Theologian Catherine Keller wrote an entire book about The Deep, which she calls the intrinsic value of all actualities. God knows every one of those actualities — every single one. We Christians say that God is LOVE. And that God is calling us deeper and deeper into love. Knowing this, can we hold on to the idea that even though we truly do NOT know what will happen next, that God is in the place of unknowing with us? And that God knows it is good, and God knows it to be a place from which hope might spring? That the love of God in Jesus is there with us, as our gospel says today, even to the end of the age?
Remember, when we hear about the Spirit, the ruach — God’s breath — moving over this deep place of infinite possibility, the verb used to describe God’s action is pulsing or hovering. It’s the verb for the action of a mother bird hovering over her nestlings. Let’s also note that the root of this word in Hebrew is the same root for the word WOMB. And what else is a womb than a generative place of darkness, of becoming, of not knowing.

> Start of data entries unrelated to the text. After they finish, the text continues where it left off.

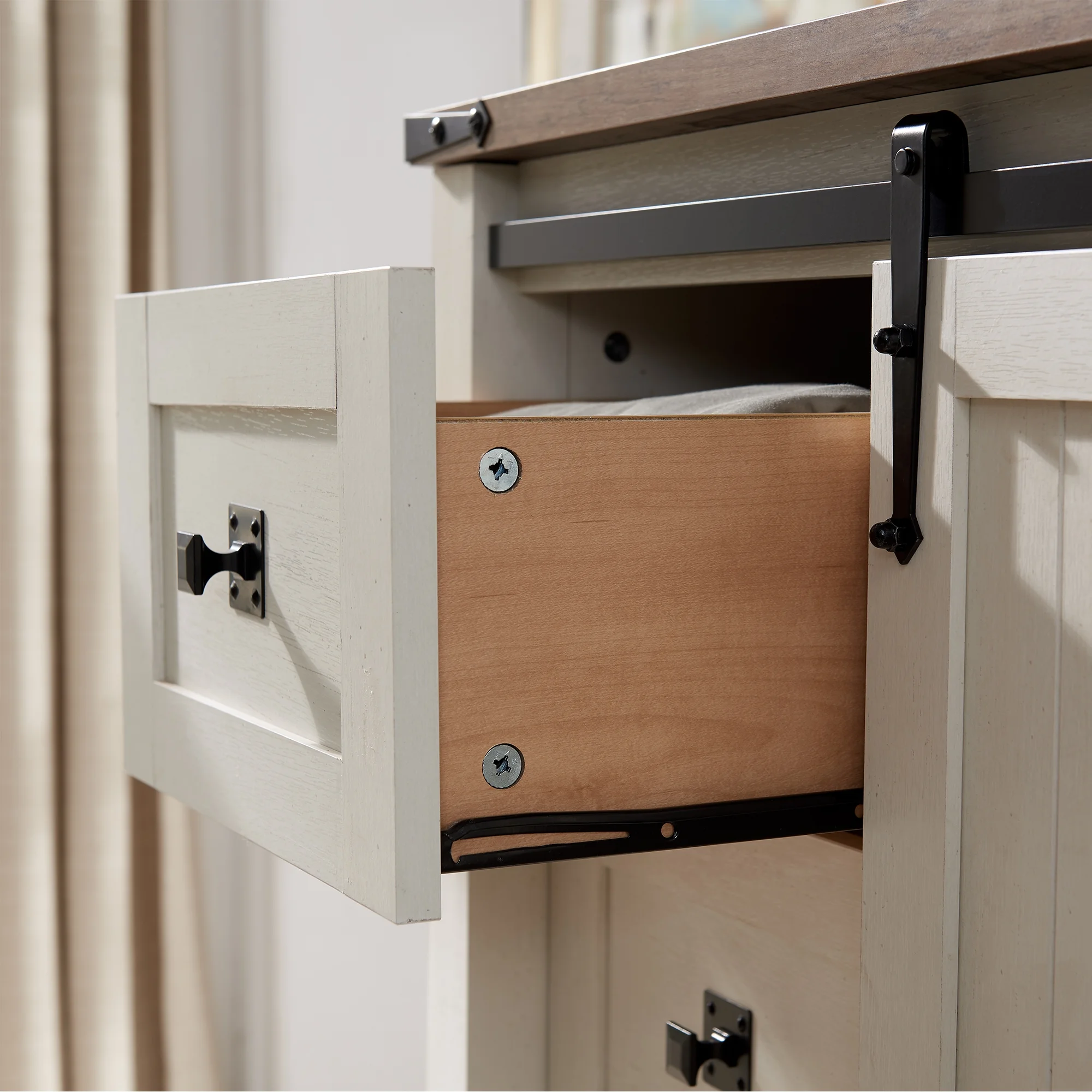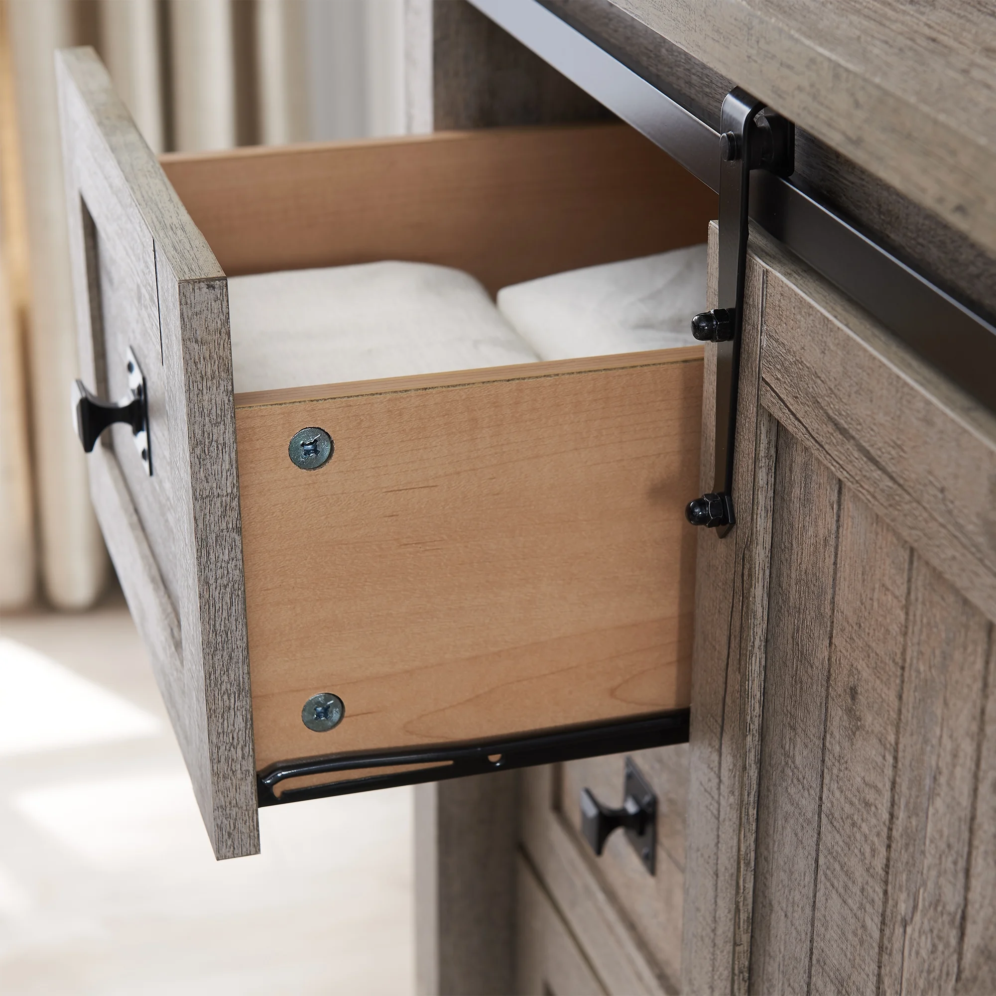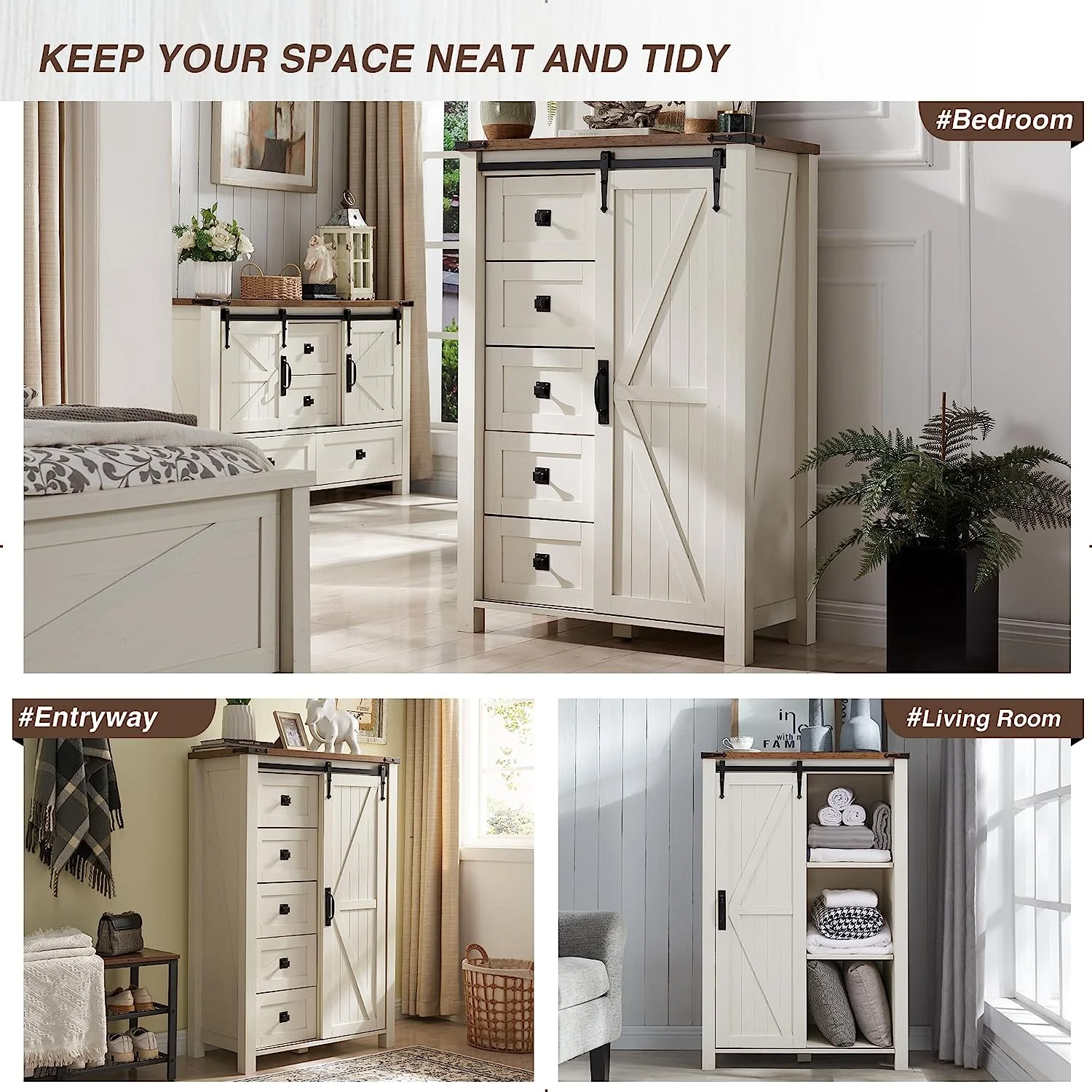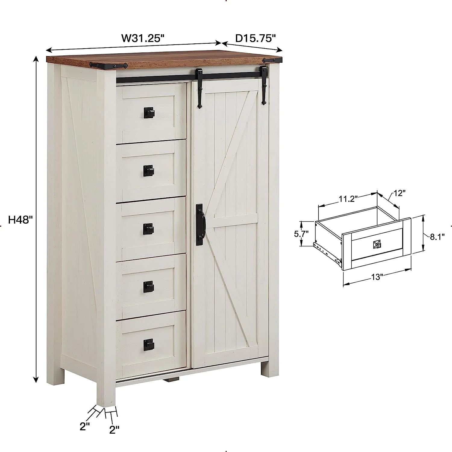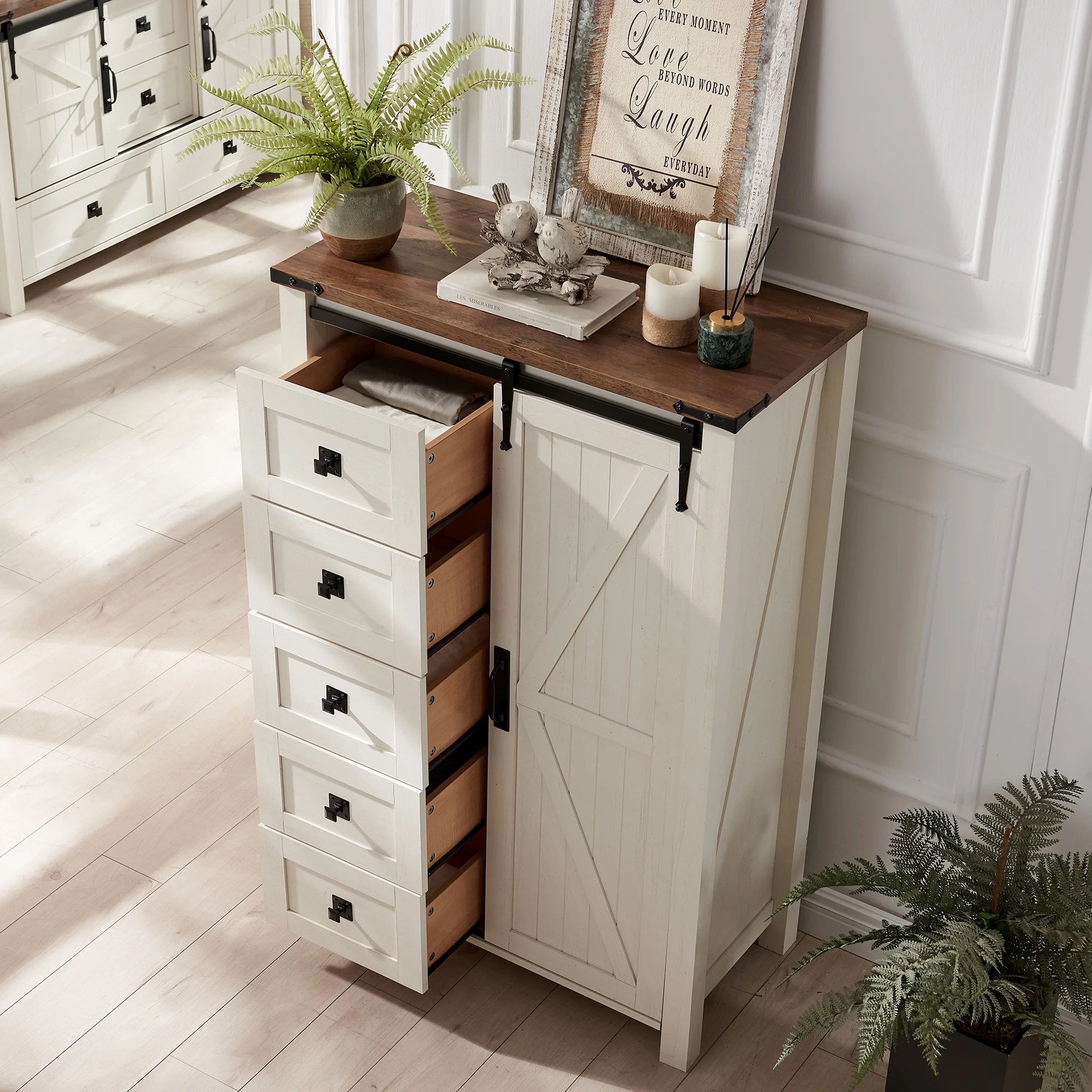 OKD Modern Farmhouse 5-Drawer Dresser with Barn Door, Adjustable Storage Cabinet for Bedroom Living Room, Light Rustic Oak
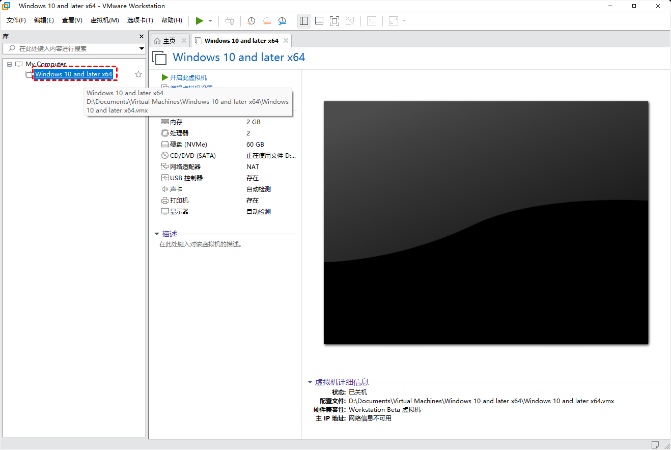 1. 啟動(dòng)VMware Workstation,將光標(biāo)移動(dòng)到要備份的虛擬機(jī)的名稱(chēng)。將出現(xiàn)一個(gè)框,顯示本系統(tǒng)的虛擬磁盤(pán)文件和配置文件所在的文件夾路徑。
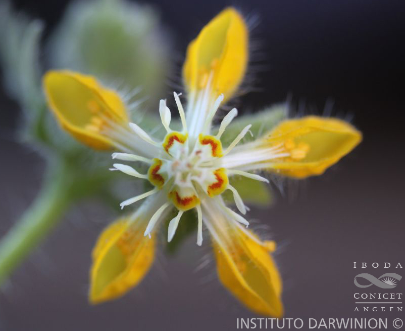 Planta hasta de 0,50 m de alto, con pubescencia de tricomas urticantes largos de base ensanchada, tricomas escabrosos y gloquidiados; tallos ascendentes a erguidos, pubescentes. Hojas opuestas, pubescentes; pecíolos hasta de 50 mm de largo; láminas inferiores ovadas o elípticas, pinnati a palmatilobadas, las restantes ovadas, profundamente palmatisectas, de 15-70 × 12-60 mm, cara abaxial con predominio de tricomas gloquidiados. Inflorescencias en monocasios y/o dicasios terminales; brácteas foliosas sésiles o brevemente pecioladas, pubescentes. Flores5-meras; cáliz con segmentos estrechamente subovados o estrechamente subtriangulares, de 6-13,5 mm de largo en la flor y hasta de 18 mm de largo en el fruto, reflexos, pubescencia con tricomas largos dispuestos principalmente en el borde y en la cara exterior; pétalos 5, cuculados, de 11-15,5 × 4-8 mm y 3-5 mm de profundidad, reflexos, suavemente ondulados, amarillos o, raras veces, anaranjados, con la uña blanca, pubescentes en la cara externa; escamas nectaríferas subovadas, de 3,5-6 × 2-3 mm, principalmente blancas, con manchas rojas de bordes amarillos en la base o el medio, papilosas en el borde y en la mitad inferior dorsal, cóncavas, sacciformes en la mitad inferior, con un doble arco en forma de “m” en el ápice, dorso de la escama con 3 quillas longitudinales, la central poco desarrollada, en el tercio inferior del dorso con 3 apéndices aplanados lateralmente, generalmente blancos, ocasionalmente con pequeñas manchas rojas a amarillas, subfalcados, con menos frecuencia elípticos, ovados u obovados, de 2-4 mm de largo, con una prolongación filiforme de 0,5-2,5 mm de largo en el borde anterior del tercio superior, margen entero; estaminodios de 6-9 mm de largo, 2 por escama nectarífera, papilosos en la parte inferior, subulados, algo curvados o sinuados y con una pequeña bifurcación en la base del tercio superior; estambres en fascículos de 13-16; filamentos de 5-12,5 mm de largo; anteras anchamente elipsoideas, de 0,7-1 mm de largo; ovario de obcónico hasta anchamente obcónico, de 2-5 × ± 3 mm de diámetro en la parte superior, pubescente, óvulos 9-12; estilo de 2,5-6 mm de largo, piloso, a veces casi hasta el ápice, 3-fido, con torsión en fruto. Frutos cápsulas de 10-18 × 8-13 mm diámetro en la parte superior, obcónicas, pubescentes, deflexas cuando inmaduras, erguidas cuando maduras, dehiscentes por 3 valvas. Semillas 9-12, elipsoides u obovoides, de 3-5 × 2-2,8 mm, rugosas con zonas indistintamente reticuladas.
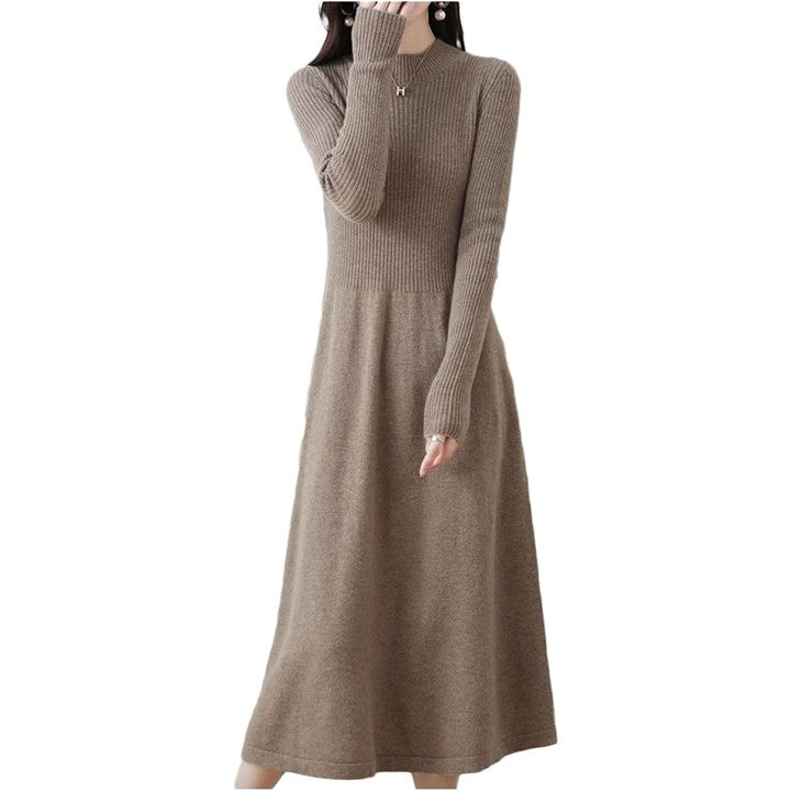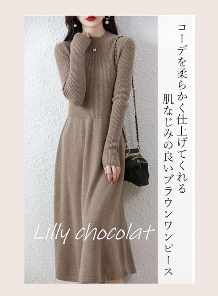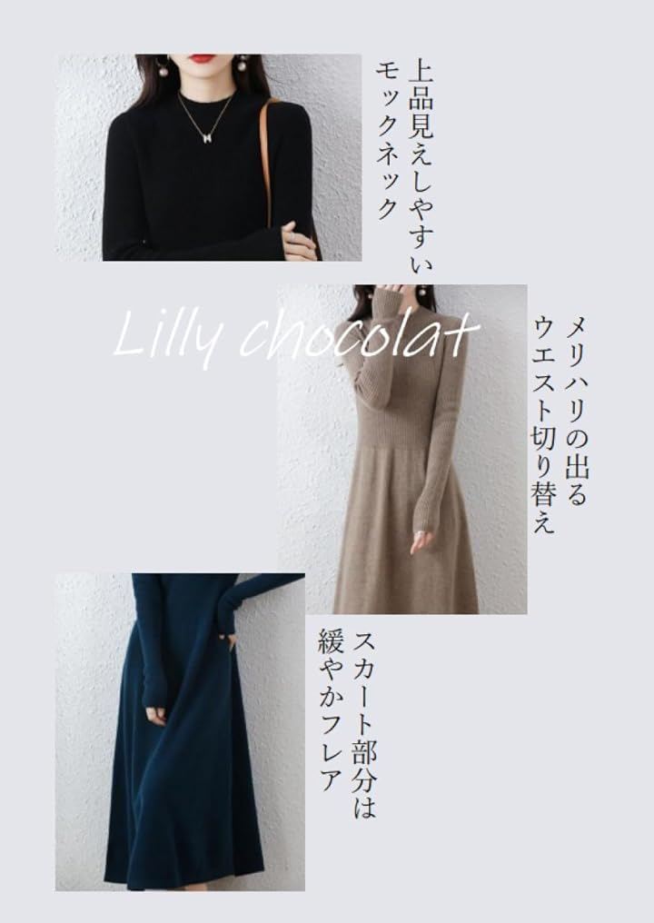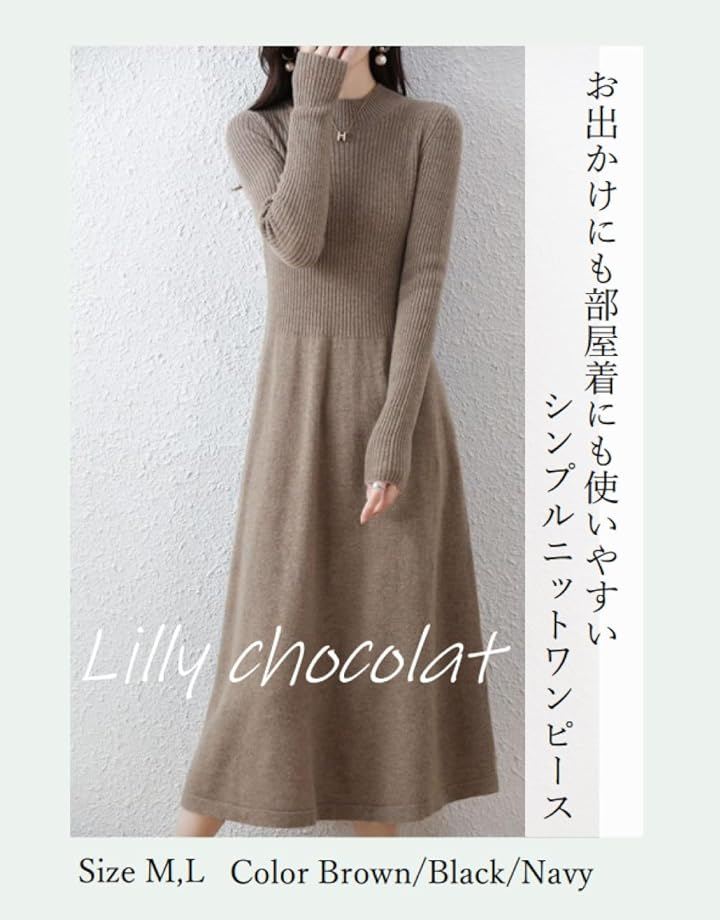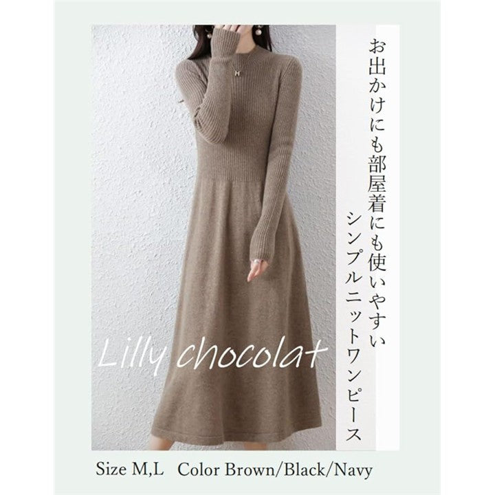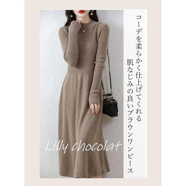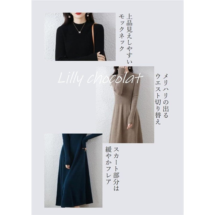 ニットワンピース レディース 冬 ミモレ丈 リブ 秋冬 aライン ハイネック 長袖 フレア 上品 通勤 切替 切り替え 切替え シンプル シンプルワンピース

So our passage from Genesis assures us that God is in both of those spaces – both in the space of infinite possibility and in the space of hovering over and nurturing those possibilities. Just as God is in both the darkness and in the light, so is God in the unknowing and the knowing. God is in the intersection of all that is and was and shall be. God is in the becoming.
n a country and a culture where dualism reigns, where people are sorted and categorized and made to feel “other” — can we find a source of hope in living into the space of in between? Can we accept the humility of not always knowing? Can we refuse to accept that dualistic categories are the only way to see the world? As I have said to you all before, I was called back to the Christianity of my childhood via the third person of the Trinity, through the Holy Spirit — through the Christian expression of the powerfully unmanageable untame-ability of God. The Trinity, for me, is such a great way of naming that space of unknowing — of possibility — of the intrinsic value of all actualities. The sacred geometry of an equidistant triangle is one of the most stable shapes that exists — and yet is also has an immediate sense of energetic flow that our eyes register — when we look at a triangle, is it possible for them to rest in any one angle for long? Not mine! In this chaotic year, do we need to “explain” the Trinity then? Or can we instead allow the Trinity to point us towards a poetic sensibility? Can its dynamism help us find a path to make The Way out of no way?
Last week, Mother Liz asked us questions at the end of her sermon — where are we sensing change happening? Where are we hearing the wind of the Spirit blowing?
I’d like to finish with a story of something I saw this week that gave me hope and pointed me there. On Tuesday evening, I happened to tune in to CNN when they were interviewing Rev. Dr. William Barber and Presiding Bishop Michael Curry. There was a split screen, one side showing the interviews, and the other side showing all the young people gathered at the foot of the Lincoln Memorial. Heavily armed soldiers were assembled on the steps. And I noticed as I watched the protesters — those young people were praying. Their heads were bowed, and they each had their right hand on the shoulder of the person in front of them. It brought tears to my eyes to see and hear this — to know that these young people were praying as they peacefully protested. The young man leading the prayer said this, “God is blessing us right now in ways we do not even realize.”
In the days and weeks ahead, please remember that wisdom from such a wise child. Hold it close to your heart. Because God called the light Day, and the darkness, Night. And it was evening, and it was morning, first day.